## YOUR OBJECTIVE
Please transcribe only the lines between the one containing "Im Anhänger das" and the end of the records, both ends included, exactly as written; skip every picture.

## RECORDS SHOWN
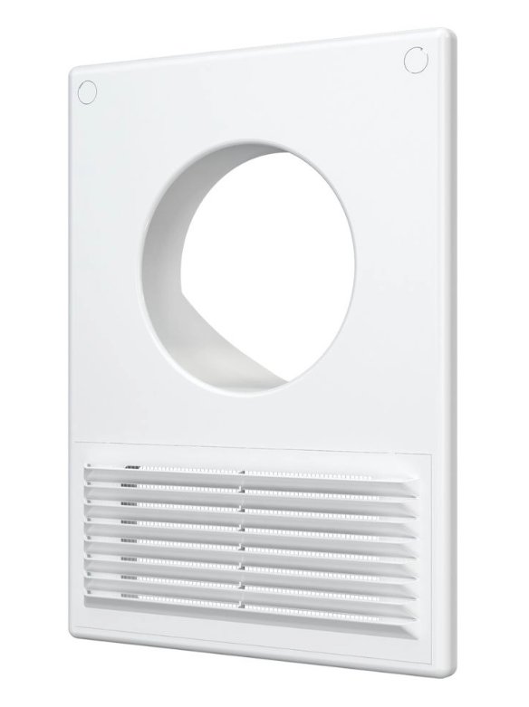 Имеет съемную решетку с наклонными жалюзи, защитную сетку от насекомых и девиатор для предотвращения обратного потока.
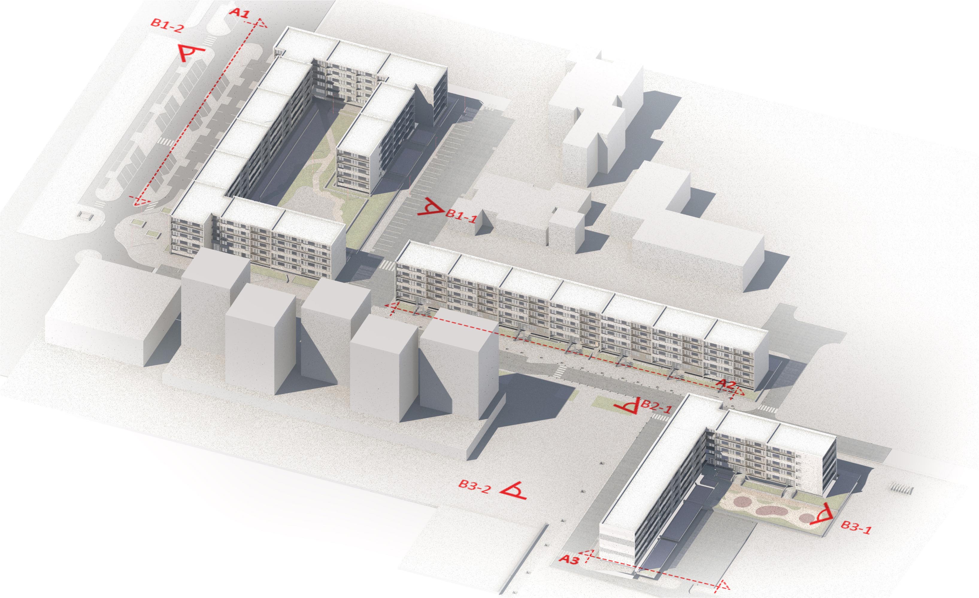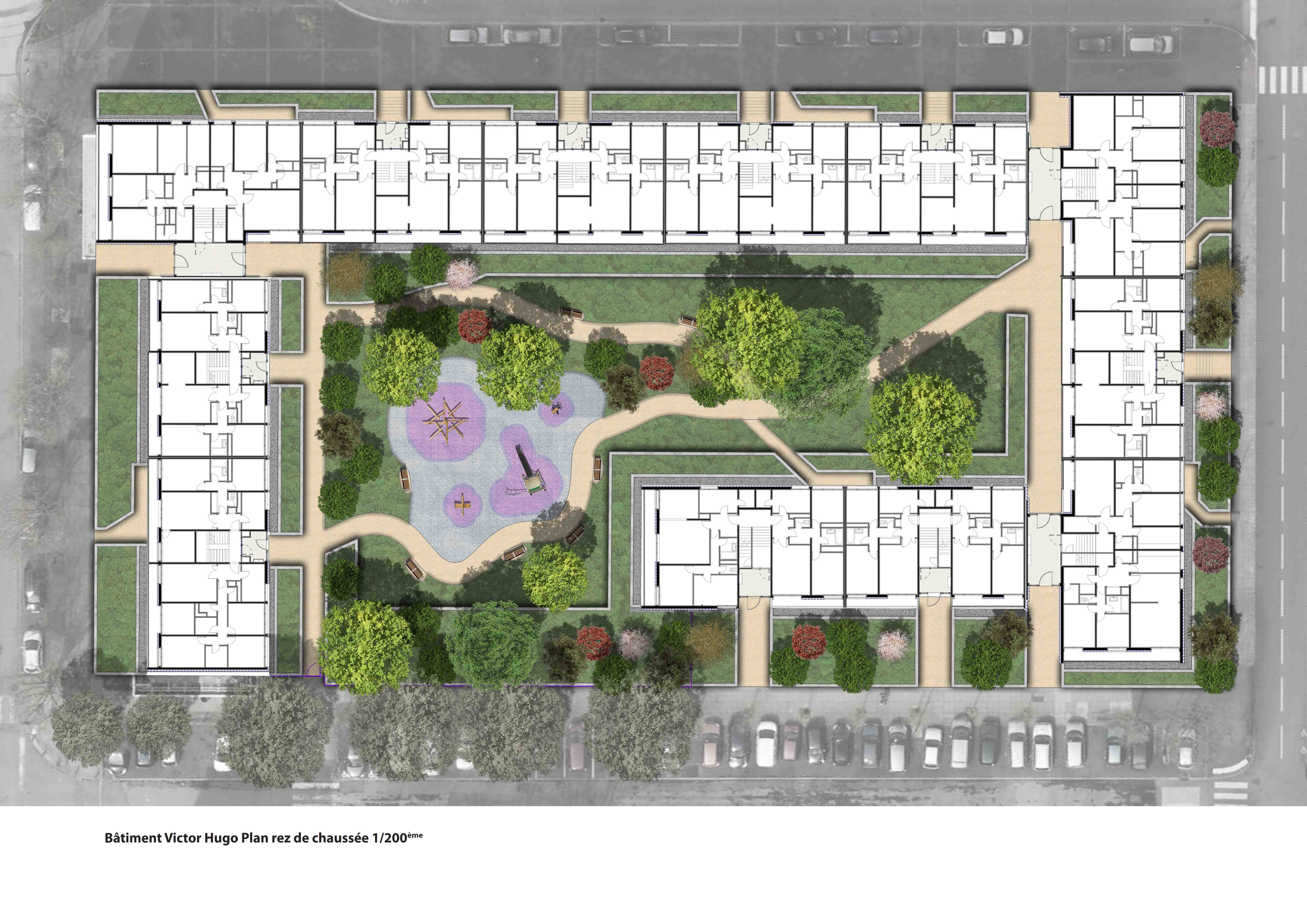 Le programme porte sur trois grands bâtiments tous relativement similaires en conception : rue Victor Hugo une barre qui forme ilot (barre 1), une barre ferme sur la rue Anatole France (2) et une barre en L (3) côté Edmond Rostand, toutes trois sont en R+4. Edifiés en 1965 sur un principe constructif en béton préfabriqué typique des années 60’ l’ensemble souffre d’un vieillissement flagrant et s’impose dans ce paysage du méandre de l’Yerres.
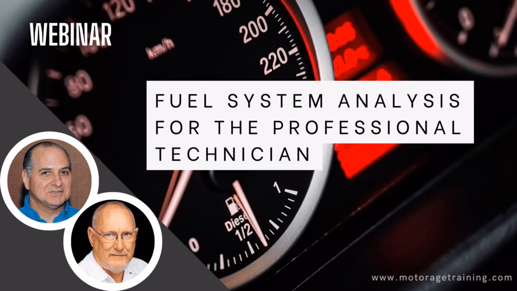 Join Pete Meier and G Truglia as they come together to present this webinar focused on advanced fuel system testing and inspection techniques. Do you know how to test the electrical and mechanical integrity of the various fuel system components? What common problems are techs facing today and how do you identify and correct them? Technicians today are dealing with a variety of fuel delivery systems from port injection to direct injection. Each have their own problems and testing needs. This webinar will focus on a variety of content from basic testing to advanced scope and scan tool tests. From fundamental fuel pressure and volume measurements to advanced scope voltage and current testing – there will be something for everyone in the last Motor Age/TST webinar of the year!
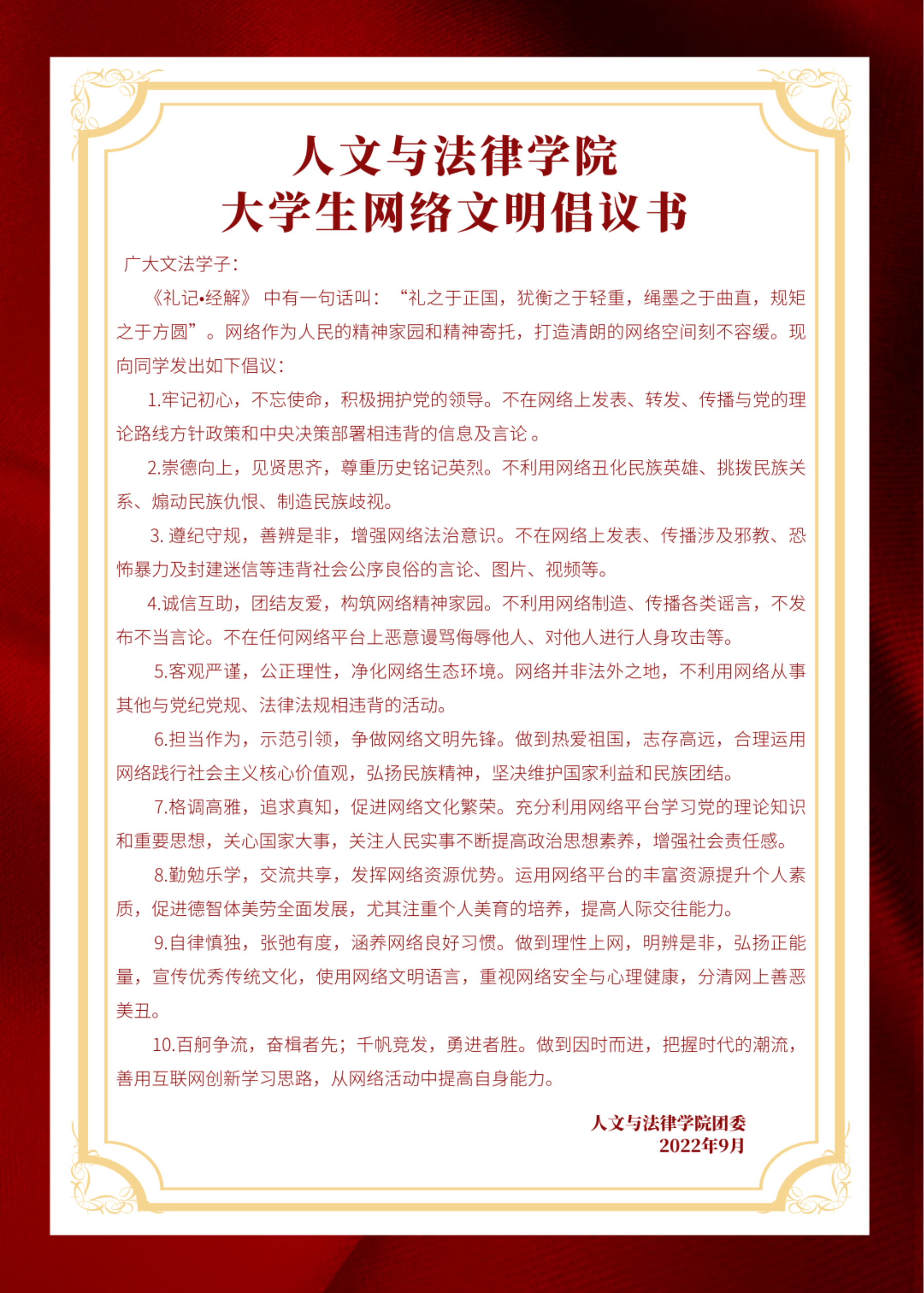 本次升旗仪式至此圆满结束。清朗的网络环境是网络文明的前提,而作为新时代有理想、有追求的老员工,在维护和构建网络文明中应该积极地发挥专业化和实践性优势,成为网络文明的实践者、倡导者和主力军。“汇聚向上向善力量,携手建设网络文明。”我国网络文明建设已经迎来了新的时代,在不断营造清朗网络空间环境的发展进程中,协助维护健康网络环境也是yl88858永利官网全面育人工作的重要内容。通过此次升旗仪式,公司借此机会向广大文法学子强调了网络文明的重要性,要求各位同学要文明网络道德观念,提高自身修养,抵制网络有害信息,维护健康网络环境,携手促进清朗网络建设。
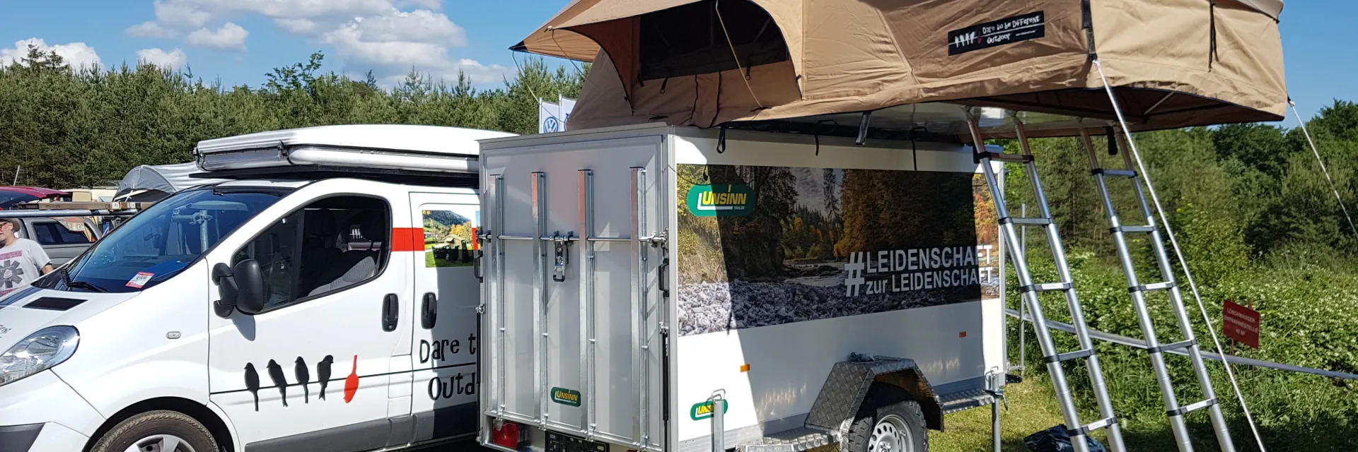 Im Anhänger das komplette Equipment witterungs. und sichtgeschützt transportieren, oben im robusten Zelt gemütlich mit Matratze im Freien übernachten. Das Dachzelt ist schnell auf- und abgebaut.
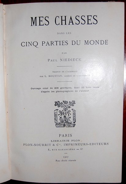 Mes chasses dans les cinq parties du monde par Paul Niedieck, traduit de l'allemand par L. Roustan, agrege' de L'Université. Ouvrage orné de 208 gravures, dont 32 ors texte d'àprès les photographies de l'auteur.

## TASK ANSWER
 Im Anhänger das komplette Equipment witterungs. und sichtgeschützt transportieren, oben im robusten Zelt gemütlich mit Matratze im Freien übernachten. Das Dachzelt ist schnell auf- und abgebaut.
 Mes chasses dans les cinq parties du monde par Paul Niedieck, traduit de l'allemand par L. Roustan, agrege' de L'Université. Ouvrage orné de 208 gravures, dont 32 ors texte d'àprès les photographies de l'auteur.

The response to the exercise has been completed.